Aggressive surgical management of recurrent lymph node and pancreatic head metastases of resected fibrolamellar hepatocellular carcinoma: a case report.

Plain English Summary
Surgery is almost always performed when Fibrolamellar is found to be exclusively in the liver.  In cases where the Fibrolamellar has metastasized elsewhere, the course of action is less clear.  The authors present a case of a women who was diagnosed with Fibrolamellar at the age of 28.  Upon removal (resection) of the tumor, one of her lymph nodes was found to contain signs of the tumor cells (they were rated “positive” for the disease).  A metastatic tumor was removed 23 months after the initial surgery, then a second 18 months later, then third sixteen months later.  At the 90-month mark, a tumor was found in the pancreas.  This was removed and 18 months later the patient is still clear. While this is just one example, the results suggest that continued surgical removal may continue to be warranted, even after repeated metastases.

Authors’ Abstract
JOP. 2012 Sep 10;13(5):529-32. doi: 10.6092/1590-8577/839.
Aggressive surgical management of recurrent lymph node and pancreatic head metastases of resected fibrolamellar hepatocellular carcinoma: a case report.Wojcicki MLubikowski JPost MChmurowicz TWiechowska-Kozlowska AKrawczyk M.
Department of Hepatobiliary Surgery and Liver Transplantation, Marie Curie Hospital. Szczecin, Poland.
Context Fibrolamellar hepatocellular carcinoma is a rare liver tumor with the propensity to metastasize to the lymph nodes months or years after initial surgery. However, its metastatic spread to the pancreas was previously reported only in a child. 
Case report We present an unusual case of a young female patient who was repeatedly treated by surgical excision of abdominal and mediastinal lymph node recurrences between 2 and 6 years after left hepatic lobectomy for fibrolamellar hepatocellular carcinoma. At 8 years following her initial surgery, the patient was diagnosed with pancreatic head metastasis and a pancreaticoduodenectomy was performed. Postoperative course was uneventful and the patient did not experience recurrence within the last 18 months. 
Conclusion The metastasis of fibrolamellar hepatocellular carcinoma to the pancreas is highly exceptional but possible and its excision appears warranted as well.

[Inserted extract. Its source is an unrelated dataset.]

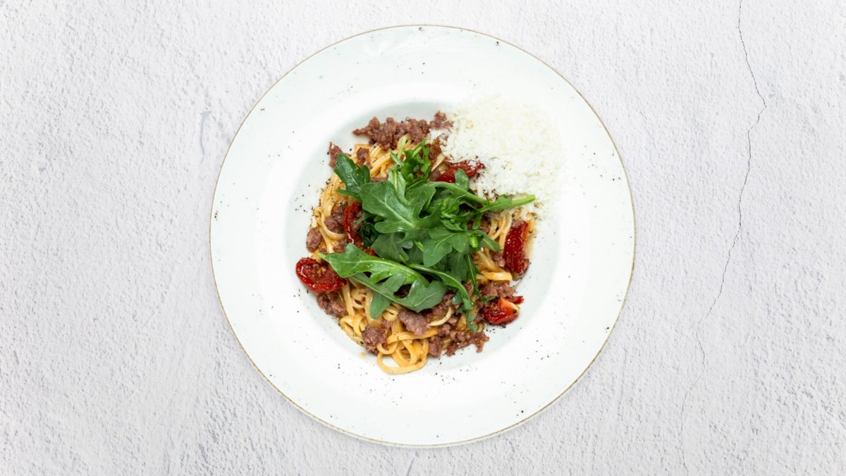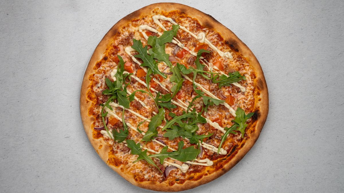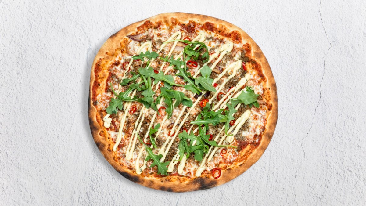 Köttfärs, lök chili, bearnaisesås, mozzarella och ruccola

Prolonged Complete Response after GEMOX Chemotherapy in a Patient with Advanced Fibrolamellar Hepatocellular Carcinoma.

Plain English summary: 
The only drug approved for patients with advanced primary liver cancer  (hepatocellular carcinoma, or HCC) is sorafenib, also known by its brand name of Nexavar.  In HCC there is often significant damage to the liver (cirrhosis).  The authors of this study wondered if chemotherapeutics that are considered too dangerous for use with patients with significant liver damage, might work in patients with liver cancer who do not also have significant damage from cirrhosis.  Fibrolamellar is unlikely to be the result of long-term damage to the liver.  The study examined a 25 year old women who, after her primarly tumor was removed (resected) from her liver, was found to have metasteses in her lymph nodes.   The patient received alternating mixtures of two drugs: gemcitabine-oxaliplatin, and five years after treatment was stopped, the woman was still clear of any signs of fibrolamellar. 

Author’s abstract

Gras P, Truant S, Boige V, Ladrat L, Rougier P, Pruvot FR, Hebbar M.
Case Rep Oncol. 2012 Jan;5(1):169-72. Epub 2012 Apr 3

The following is the published abstract for this paper.  The complete paper is available for free.  
The only currently validated treatment for advanced hepatocellular carcinoma (HCC) is sorafenib. However, sorafenib has been mainly studied in patients with HCC developed in cirrhotic liver. Chemotherapy might be more suitable for patients with HCC in non-cirrhotic liver. We report the case of a young woman with fibrolamellar HCC in a non-cirrhotic liver, with histologically proven metastatic ganglionary relapse after surgical resection of the primary tumour. Chemotherapy with gemcitabine and oxaliplatin (GEMOX regimen) achieved a complete response without relapse five years after discontinuation of chemotherapy. This exceptional case raises the question of clinical trials specifically designed for patients with HCC in non-cirrhotic liver.